Travel Republic is a travel search website acting as an agent only. The company is a member of ABTA and holds an ATOL License.

In January 2007, the company moved to its current headquarters in Kingston upon Thames, Surrey. In the same year the company had an annual sales growth of 284.2% and topped the charts of The Sunday Times Virgin Atlantic Fast Track 100.

In December 2011 the company was bought by Dnata World Travel which is a subsidiary of the Emirates Group, based in Dubai.

In December 2015 Travel Republic launched a cruise service in partnership with Imagine Cruising.

In July 2018 Dnata appointed Frank Rejwan (formerly of Abercrombie & Kent, Quintessentially and Ickenham Travel Group) as Managing Director for Travel Republic.

=== Operations and technology ===
In January 2012, Travel Republic first introduced its mobile website, before expanding into mobile app on IOS in 2014. In 2015 the Android version of the app was launched.

The company aired its first YouTube ad on 17 January 2011. Their first television campaign 'The Last Click' aired in June 2014. With its success, Travel Republic continued to launch TV advertising campaigns. 'Welcome to the Travel Republic' was launched in January 2016 before the latest campaign aired in December 2016 across UK and Ireland. The campaign highlighted Travel Republic's slogan, 'Yours for the making'.

===Controversy===
In a case brought by the Civil Aviation Authority (CAA), Travel Republic was accused of breaching ATOL regulations by selling unlicensed package holidays. Judge Nicholas Evans delivered the not-guilty verdict at Westminster Magistrates' Court on 10 November 2009. In his judgement, Evans said the prosecution had failed to prove that Travel Republic did anything other than "sell components of holidays separately, but at the same time".

=== Sale to Destinia ===
On 20 January 2026, the Travel Republic brand was sold by dnata Travel Group to the Spanish online travel agency Destinia Travel Group. The acquisition formed part of Destinia’s strategy to expand into the UK travel market and included both the Travel Republic and Netflights consumer brands.

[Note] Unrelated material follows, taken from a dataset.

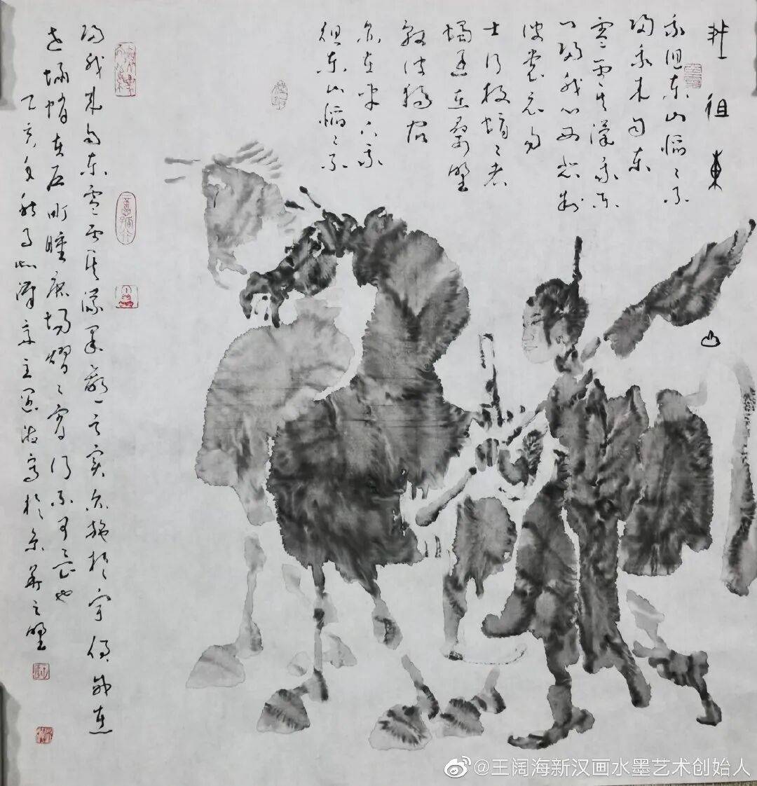 王阔海先生的新汉水墨艺术形式新颖,风格独特。不同于古人,有别于前人,更独立于今人。这使得他的作品辨识度极高;在二十米开外不用看落款盖章就知道是王阔海的!而且是远看有自己的样貌,近看有自己的符号!这真是太难得了!当下专用操作而成名的所谓大家画风东拼西凑的多,摩肩接踵互相靠的多,粘糊在一起分不清面目的太多太多,象王阔海先生这样独立特行的艺术风格真是少之又少!这使他的作品在当今画坛中独树一帜,备受瞩目。他的新汉画不去重复生活,而是用哲学思辨提升生活,使之成为文心而灿的画魂独创。

The sale followed a strategic review by dnata, which had announced plans to wind down the two UK-based brands. Destinia stated that it intended to continue operating Travel Republic under its existing brand identity, integrating it into Destinia’s technology and operational platform while maintaining continuity for customers. The acquisition provided Destinia with an established presence in the UK online travel sector as part of its wider international expansion strategy.